**Data section:**
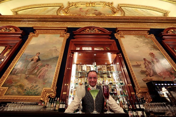 Barman Vincenzo Pentasuglia在吧台后面,他在这里工作了12年。照摩纳哥法律,本国人不准入内赌博,观光客自然欢迎,然后凭护照交十法朗便成为一日会员,凭此证才能进入赌场。内有适合歌剧表演的大舞台,再过一道门进入一间大厅,便是著名的赌场了。
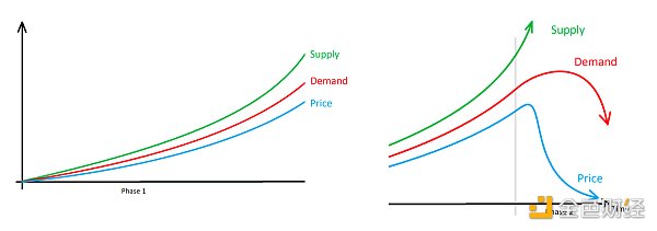 目前市場上大多數鏈游在發展到一段時間后,都會面臨經濟模型坍塌的問題,我們借用推特上的一張經典的供需模型分析來進行說明:
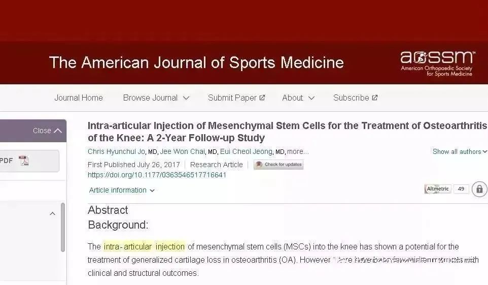 2017年10月,《美国运动医学杂志》刊发了Chris Hyunchul Jo 等韩国学者的一篇文章。结果表明,在2年时间内,关节腔注射自体间充质干细胞治疗膝关节炎安全、有效。
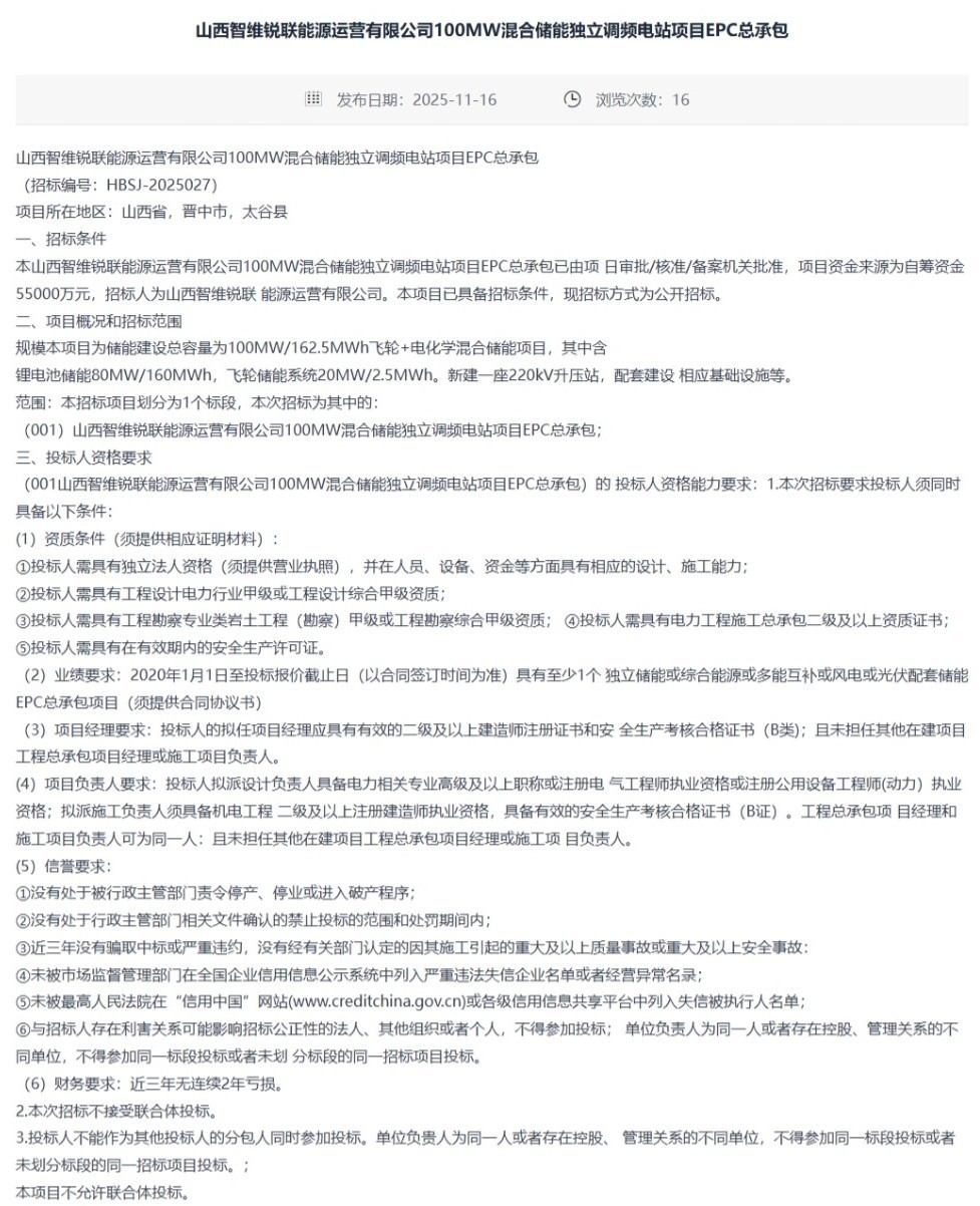 11月16日,山西智维锐联能源运营有限公司100MW混合储能独立调频电站项目EPC总承包公开招标公告发布,项目位于山西省晋中市太谷县,总投资5.5亿元,资金来源为自筹资金,招标人为山西智维锐联能源运营有限公司,招标方式为公开招标。

**Task to carry out:** Leave every picture out. Retype the remaining data exactly.

**Answer:**
 Barman Vincenzo Pentasuglia在吧台后面,他在这里工作了12年。照摩纳哥法律,本国人不准入内赌博,观光客自然欢迎,然后凭护照交十法朗便成为一日会员,凭此证才能进入赌场。内有适合歌剧表演的大舞台,再过一道门进入一间大厅,便是著名的赌场了。
 目前市場上大多數鏈游在發展到一段時間后,都會面臨經濟模型坍塌的問題,我們借用推特上的一張經典的供需模型分析來進行說明:
 2017年10月,《美国运动医学杂志》刊发了Chris Hyunchul Jo 等韩国学者的一篇文章。结果表明,在2年时间内,关节腔注射自体间充质干细胞治疗膝关节炎安全、有效。
 11月16日,山西智维锐联能源运营有限公司100MW混合储能独立调频电站项目EPC总承包公开招标公告发布,项目位于山西省晋中市太谷县,总投资5.5亿元,资金来源为自筹资金,招标人为山西智维锐联能源运营有限公司,招标方式为公开招标。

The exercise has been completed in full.